Caspase-3 and −7 activities were analyzed with the Caspase-Glo 3/7 assay kit (Promega, Madison, WI, USA). After 24-h stimulation, the Caspase-Glo 3/7 reagent was added to the cell culture medium in a 96-well plate in a 1:4 ratio and incubated for 1 h. Luminescence was measured using a TD-20/20 luminometer (Turner BioSystems, Sunnyvale, CA, USA).
Gene expression
Following incubation, total RNA was extracted from the cultured cells using TRItidy G, according to the manufacturer's instructions (Applichem, Darmstadt, Germany). Extracted total RNA (1 μg) was reverse-transcribed using the Superscript Reverse Transcriptase kit (Life Technologies, Carlsbad, CA, USA). Oligo(dT)15-primed cDNAs were amplified by quantitative PCR (qPCR) using the primers listed in Table I and the LightCycler FastStart DNA Master SYBR-Green I kit (Roche Diagnostics). Crossing points were calculated automatically based on a second derivative algorithm and the results were analyzed by the relative expression method. mRNA levels of hydroxymethylbilane synthase (HMBS) and 39S ribosomal protein L19, mitochondrial (MRPL19) were determined and used as reference genes.

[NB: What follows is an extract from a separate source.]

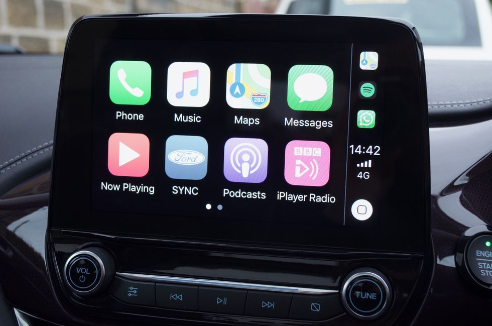 CarPlay works here just as it does on other cars, as the processing is done by the phone itself rather than the car's computer. With CarPlay you can use apps like Maps, Podcasts, Music and Spotify apps from your phone, plus Phone, Messages and WhatsApp. Some are navigated by touch, while others — like Messages and WhatsApp — can only be used by talking to Siri.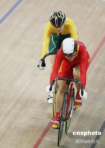 8月19日,2008北京奧運會場地自行車女子爭先賽半決賽在老山自行車館進行,中國自行車“希望之星”郭爽因第三戰(zhàn)決勝戰(zhàn)因為與對手米亞雷斯有身體接觸犯規(guī)被處罰取消成績,因此遭逆轉(zhuǎn)惜敗無緣決賽,只能與荷蘭選手卡尼斯?fàn)帄Z銅牌。中新社發(fā) 武仲林 攝

Transient transfection and luciferase assay
Following culture, cells were cotransfected, using Lipofectamine PLUS (Invitrogen Life Technologies, Carlsbad, CA, USA), with pGL3 plasmid containing −57, −300 and −700 bp fragments of the CYP17A1 promoter or a −605 bp fragment of the CYP11A1 promoter (0.5 μg) fused to Photinus luciferase and the pRL-TK plasmid (0.05 μg) containing the Renilla luciferase gene, the latter of which was used as a control of transfection efficiency.

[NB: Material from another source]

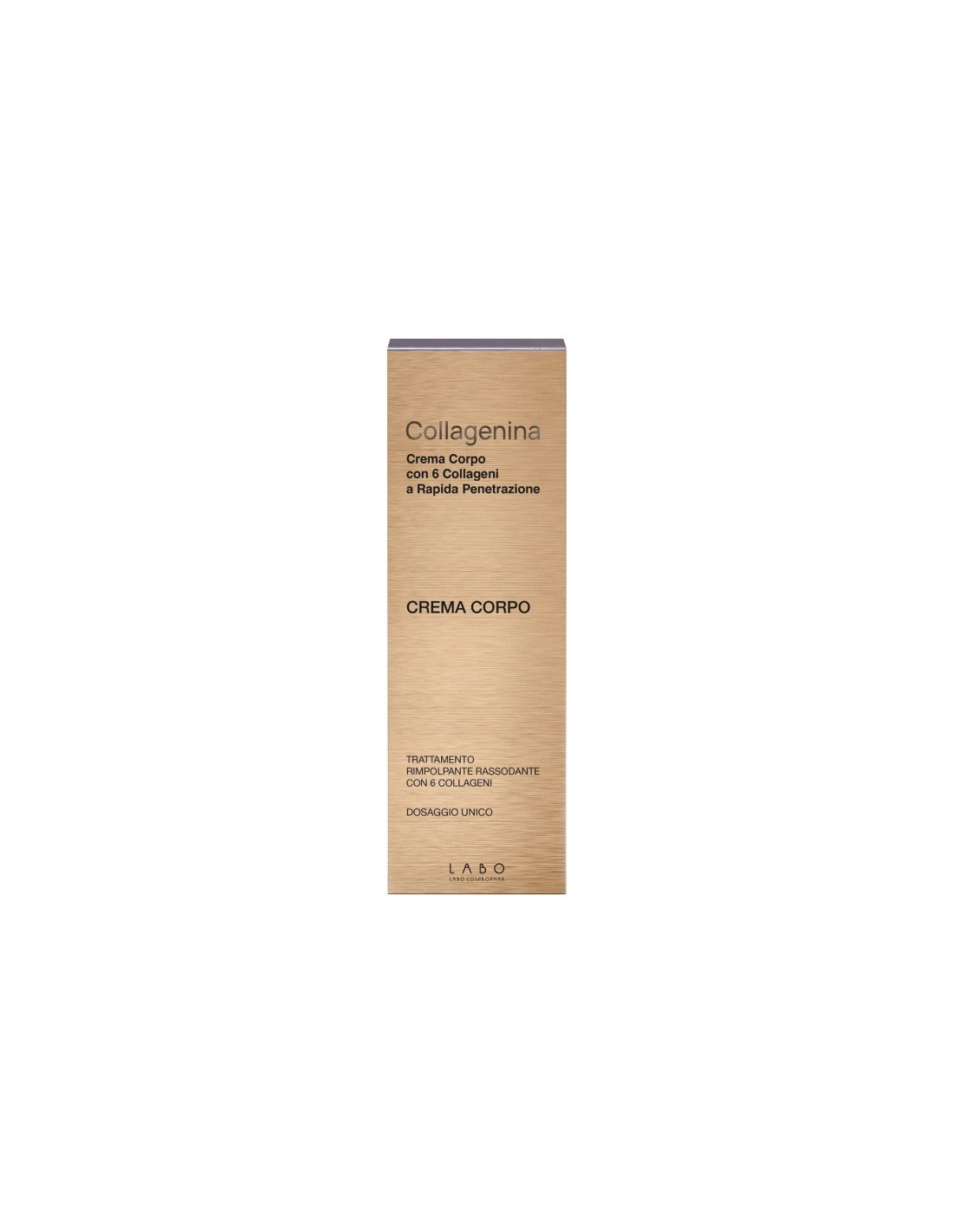 La crema corpo rimpolpante rassodante collagenina contiene 6 collageni con peso molecolare differenziato a rapida penetrazione (Hydrolyzed Collagen 2K Da, Collagen Amino Acids 2.4K Da, Hydrolyzed Collagen 4K Da, Hydrolyzed Collagen 12K Da, Soluble Collagen 230K Da, Soluble Collagen 300K Da) e componenti per la produzione di collagene dall’interno (glycine, proline, hydroxyproline, palmitoyl tripeptide-5) e per l’effetto antiglicazione (carnosine). Contiene inoltre un tetrapeptide che contrasta il rilassamento cutaneo e saccharide isomerate che nutre la pelle rinforzando la barriera cutanea.

Following transfection, cells were incubated for 24 h with mitotane, harvested and lysed with passive lysis buffer. Luciferase activities in the cell lysates were determined using the Dual Luciferase System (Promega) and TD-20/20 luminometer (Turner BioSystems).
Statistical analysis
Results (mean ± SEM) from at least three independent experiments were expressed as the fold change from a control value. One-way analysis of variance was also used to evaluate the results obtained by qPCR. Post-hoc comparisons were performed with the Student-Newman-Keuls test. P<0.05 was considered to indicate a statistically significant difference.
Results
The effect of mitotane on NCI-H295R cell viability and activities of caspase-3 and −7
Mitotane is a potent inhibitor of adrenocortical cancer cell growth. NCI-H295R adrenocortical cells were incubated with various concentrations of mitotane for 24 h. Concentrations between 0 and 2 mg/l (6.25 μM) did not affect NCI-H295R viability (Fig. 1A). However, 20 mg/l (62.5 μM) mitotane caused a 20% decrease in cell viability (Fig. 1A). Since blood concentration of mitotane has been identified to be ~14 mg/l (43.75 μM) in ACC patients and is detected for considerably longer than 24 h in the blood, mitotane may markedly decrease viability of ACC cells.
Mitotane concentrations between 0.2 (0.6 μM) and 16 mg/l (50 μM) did not cause a detectable change in activities of caspase-3 or −7 (Fig. 1B). Mitotane doses between 20 (62.5 μM) and 32 mg/l (100 μM) led to an increase in caspase-3 and −7 activities by up to a 2.0- and 2.5-fold, respectively. These data indicate that inhibition of NCI-H295R cell viability by mitotane may be caused by apoptosis.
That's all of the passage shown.